Nail-Generating Tissue Also Regrows Fingertips

Clumsy manicurists can thank a set of stem cells under the base of the fingernail for erasing their mistakes. Those cells allow not only trimmed fingernails but amputated fingertips to regrow.

Doctors could one day use nail stem cells to treat malformed nails or even amputated limbs, Mayumi Ito of New York University Langone Medical Center suggests.

Scientists have long known that children and some adults can regrow the tips of their fingers and toes after amputation. But digits can’t regenerate if more than the nail region is amputated.



Ito and her colleagues traced the fates of cells on the back feet of mice during nail growth and found a population of stem cells that produces the hard part of the nail and the soft tissue underneath.

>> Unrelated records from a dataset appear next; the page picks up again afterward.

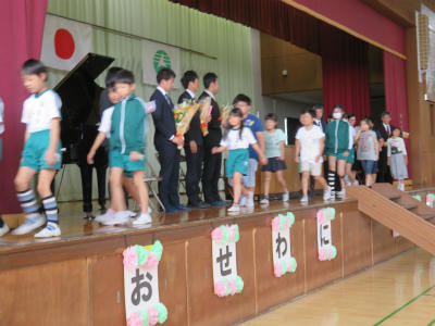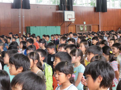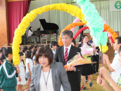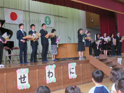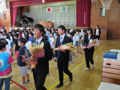 5月2日(水)13:40~、体育館において「離任式」が行われました。11名の先生方をお迎えして、懐かしさがこみ上げる式となりました。「会うは別れの始め」とも言いますが、出会いの数だけ別れがあります。子ども達も元気に返事をし、歌を歌い、成長した姿を離任した先生方に見ていただきました。先生方、お元気でご活躍ください。
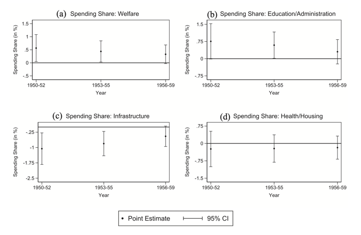 The paper by Arnaud Chevalier shows that cities with high inflows of forced migrants increased spending on welfare and education, decreased spending on infrastructure, raised local taxes, and incurred more debt.
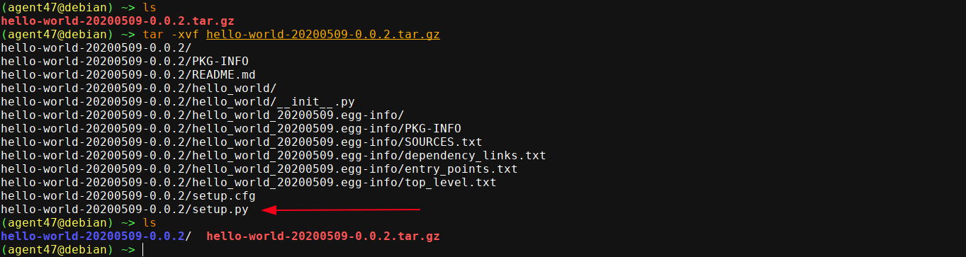 I got a minimal python package with no dependencies (which is important as HTB boxes are not connected to the internet, which will be required to resolve unmet dependencies) at pypi. I extracted the archive with;
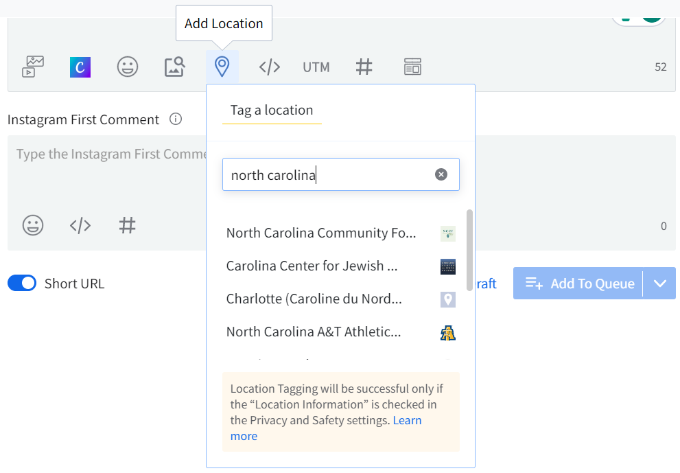 You can schedule a First Comment to accompany your post, allowing you to keep the caption clean while placing additional hashtags or details in the comment. Add your first comment in the designated box below the caption field.
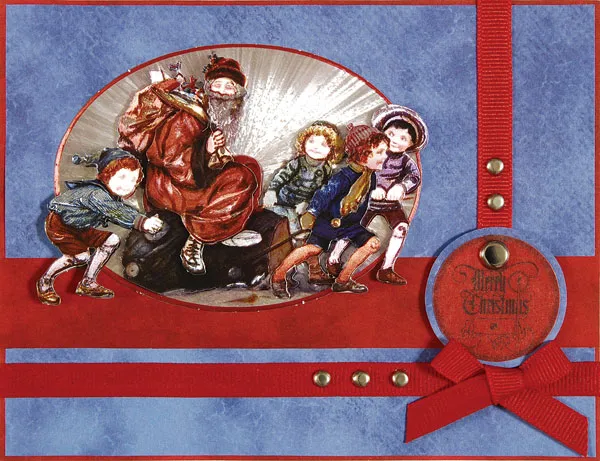 Tie a bow with 8” of red ribbon and glue to the bottom right corner on top of the horizontal ribbon. Cut out a circle tag and glue to blue texture. Trim around, leaving a 1/8” border. Add a silver brad and foam tape to the card directly above the bow. Insert two silver mini brads on the ribbon above the tag, and three on the horizontal ribbon to the left of the bow.
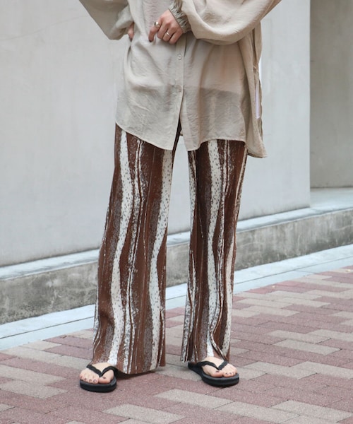 商品名:Sheson(シーズン)ウェーブ柄プリーツパンツ 商品番号:200608-28 商品説明:【2021 SS】 ・ウェーブ柄が可愛いパンツ ・シンプルなトップスとの相性抜群 曲線柄に細い波のようなラインが入ったウェーブ柄のパンツ。 さらにプリーツ加工を施すことで、綺麗なIラインが完成します。 軽い生地を使用し腰から裾までストレートな幅で、細すぎず太すぎずの絶妙なシルエットに。 存在感のある柄なので、シンプルなトップスを合わせるだけで旬なコーデが完成します。 ウエストゴムのゆったりしたサイズ感でリラックスムード漂うアイテム。 丈は長めに作られておりますが、ご自宅でカットオフが可能です。 *商品画像のお色は撮影環境やモニターによって、 実物と若干異なる場合がございます。 *他のサイトと在庫を共有している為、ご注文頂いた商品が欠品となる場合もございます。 ------------------------------------------------------------------------- サイズ:フリーサイズ(モデル155cmBK-/160cm-BK,BR/169cm-BK,BR) ・ウエスト 60~96cm ・総丈 100~103cm*個体差があります ・ヒップ108~134cm ・股上 37cm ・股下 69cm ※個体によって若干異なる場合がございます。 **生地詳細** 【裏地】なし【生地の伸縮】なし【生地の透け感】ややあり 素材:ポリエステル100% カラー:ブラック・ブラウン
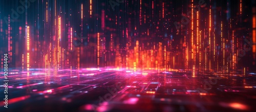 © kinara art design, Fototapeta premium A vibrant digital landscape with glowing lines and particles, representing data flow and technology.

When the researchers cut off the end of a toe, signals from the regrowing nail stimulated the tissue underneath to form new bone, the authors report June 12 in Nature.

The digit bones can regenerate only if the amputated stump still has some nail stem cells, the researchers found. But the cells alone are not enough; also crucial is a zone of tissue that grows from the stem cells during normal nail growth.

After amputation, this tissue sends signals that attract new nerves into the end of the stump and begin the bone regeneration process. If amputation removes the nail zone or if the signals are blocked, the digits will not regenerate.

When the researchers genetically manipulated the mice to turn on the regeneration signals permanently, nail stem cells alone could spur digit regeneration even without the neighboring nail tissue zone.

Other researchers have found that similar signals are involved in regenerating amputated amphibian limbs. “We were really amazed by the similarity between these processes,” Ito says.

The parallels suggest that mammals might retain some of the newt’s famous power to regrow entire legs.

The similarity between mammalian and amphibian regeneration is encouraging, says Ken Muneoka of Tulane University.

That parallel, he says, “gives us hope that we will be able to induce human regeneration in the not too distant future.”